Gag orders are not solely used for media control inside Israel; they also extend to social media platforms, restricting the information Israelis can access through takedown requests or content blocking. A 2016 article titled “How Israel is trying to enforce gag orders beyond its borders” and published in +972 Magazine discusses a case when Twitter blocked Israelis from viewing certain tweets published overseas at Israel’s request. The piece’s author, Michael Schaeffer Omer-Man, further exposes the oppression, explaining: “Because I am writing this from Israel, I am legally forbidden from telling you what Silverstein’s original tweet said. I can’t even tell you the specific legal reason why I can’t tell you what I can’t tell you. What I can say is that as the use of military censorship in Israel has become less common and less sweeping over the years, authorities are increasingly using court gag orders to control the flow of information in the country. Oftentimes those gag orders cover the very existence of the gag order itself.”

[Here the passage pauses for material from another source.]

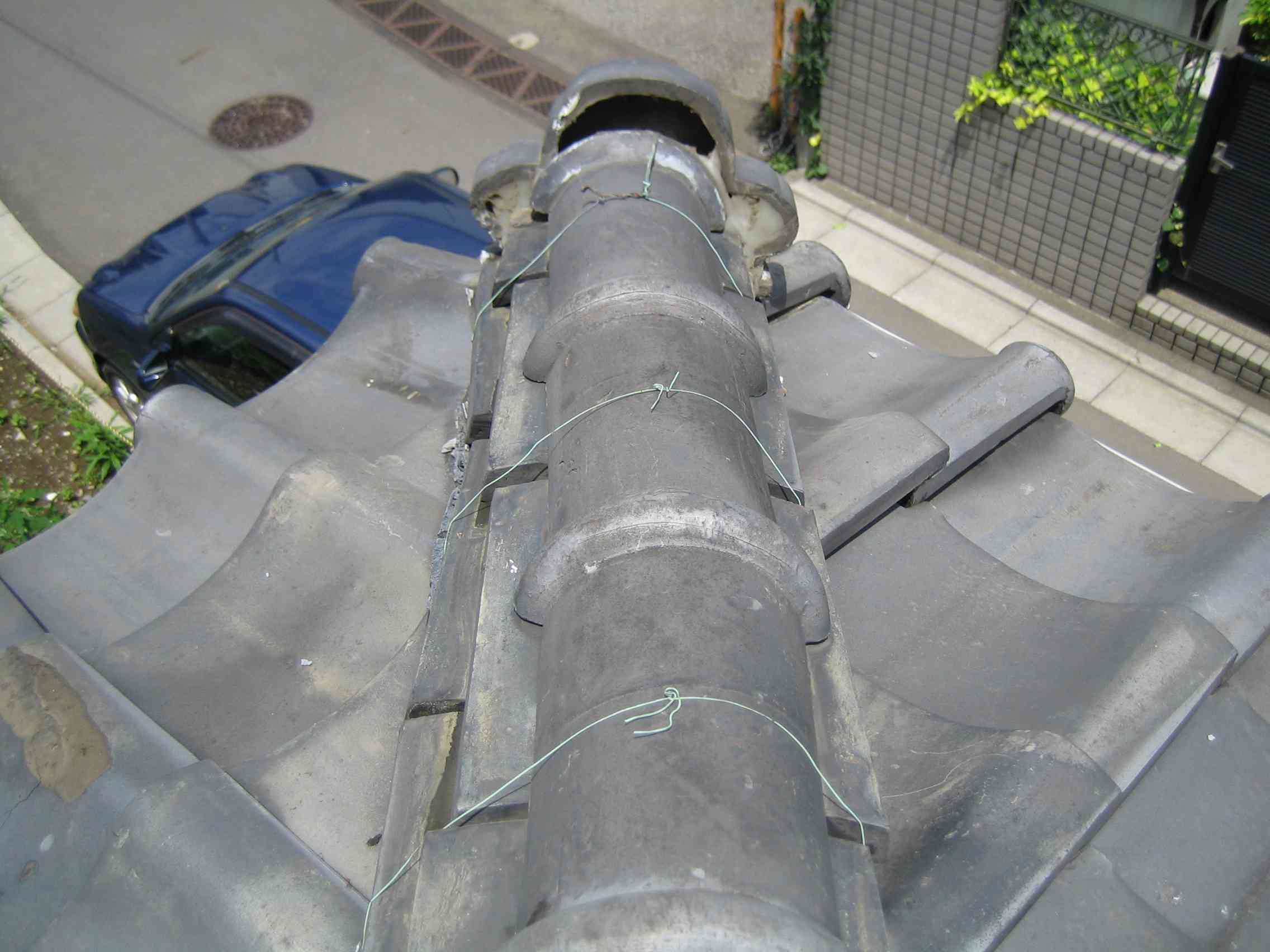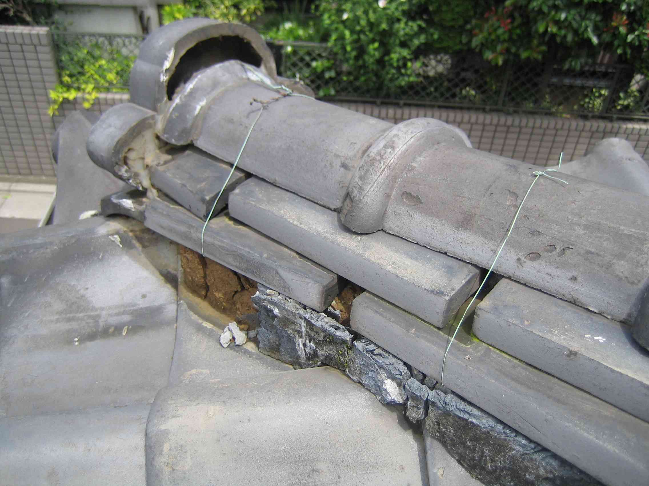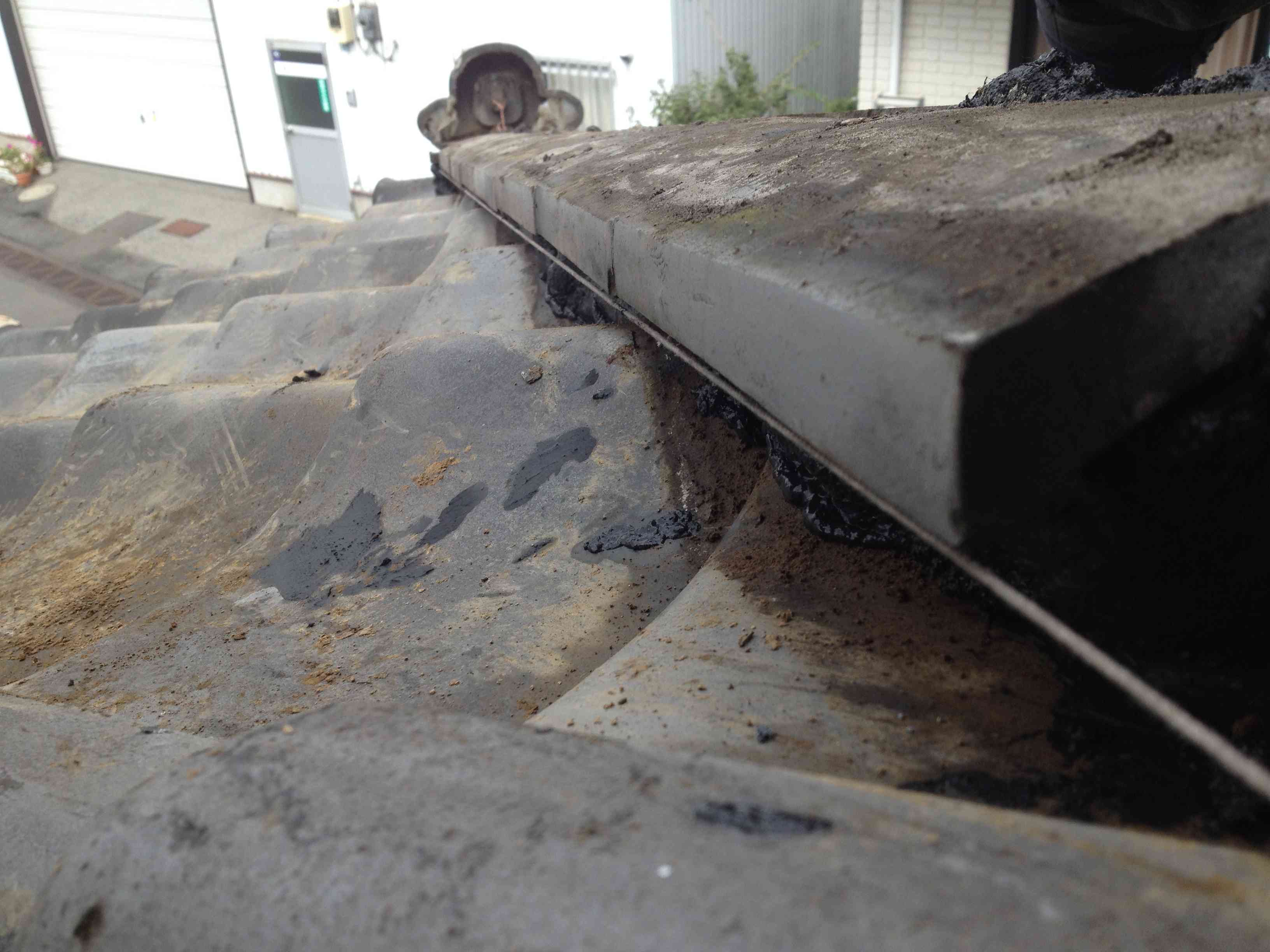 経年劣化や地震の揺れの影響でしょうか、丸瓦が下方にズレ落ちています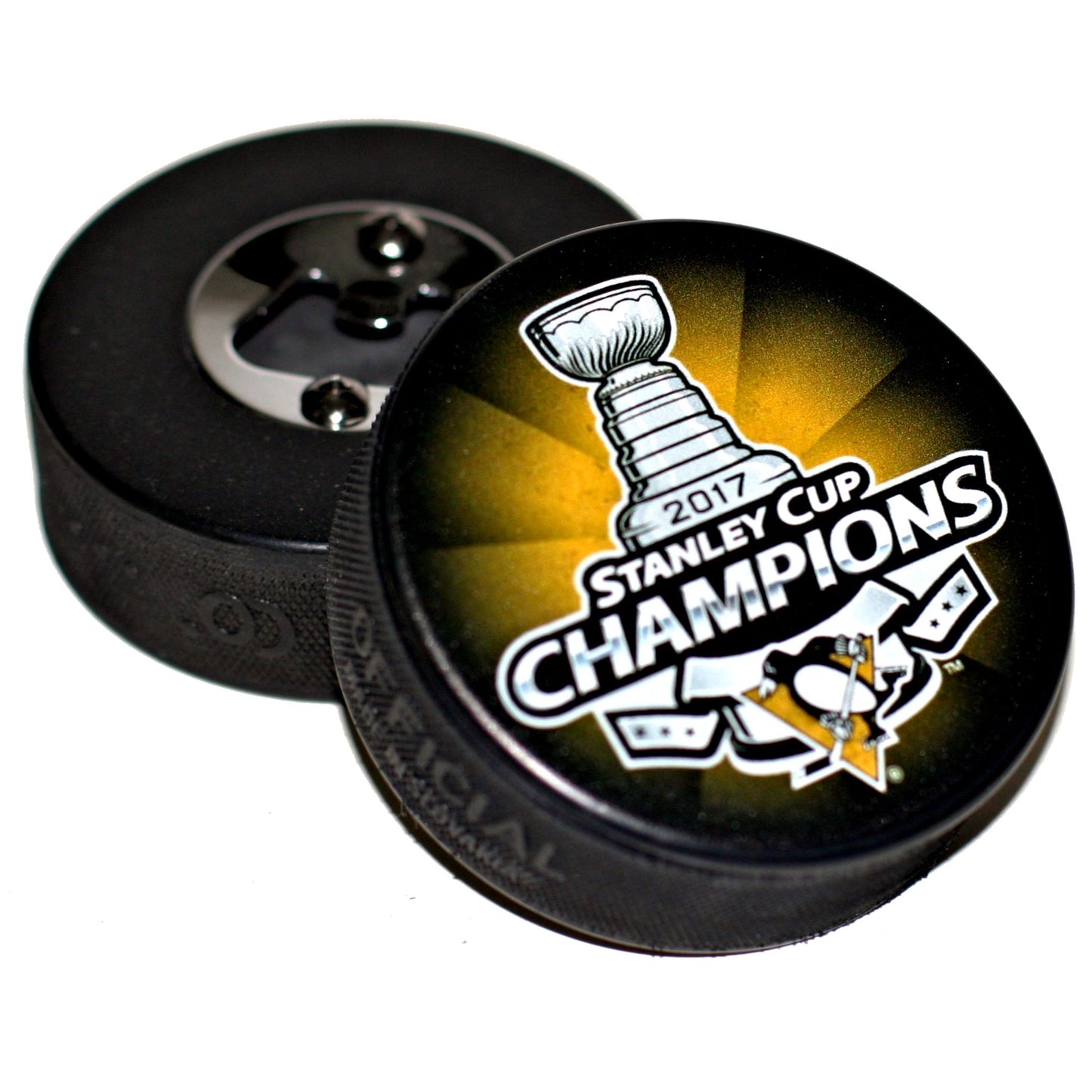 2017 Pittsburgh Penguins Stanley Cup Champions Hockey Puck Bottle Opener. Take pride in serving up your favorite drinks with our custom bottle opener. Handcrafted in the USA from an actual licensed collectible hockey puck.

The media space seems to have tightened even further with the saturation of silenced cyber attacks. On January 30, 2025 just four days after hackers infiltrated the alarm systems of 20 kindergartens, a Shomrim report titled “Government Offices Hacked, Private Data Leaked—But Israeli Citizens Are Kept in the Dark” reflects on how a legal tool designed to protect citizens is being used to safeguard the reputation of Israel’s Ministries.
This practice ties into broader narrative control and Hasbara propaganda strategy, which not only crafts a triumphant or victimized image of Israel but also serves to obscure access to facts and dissenting opinions that do not align with its agenda.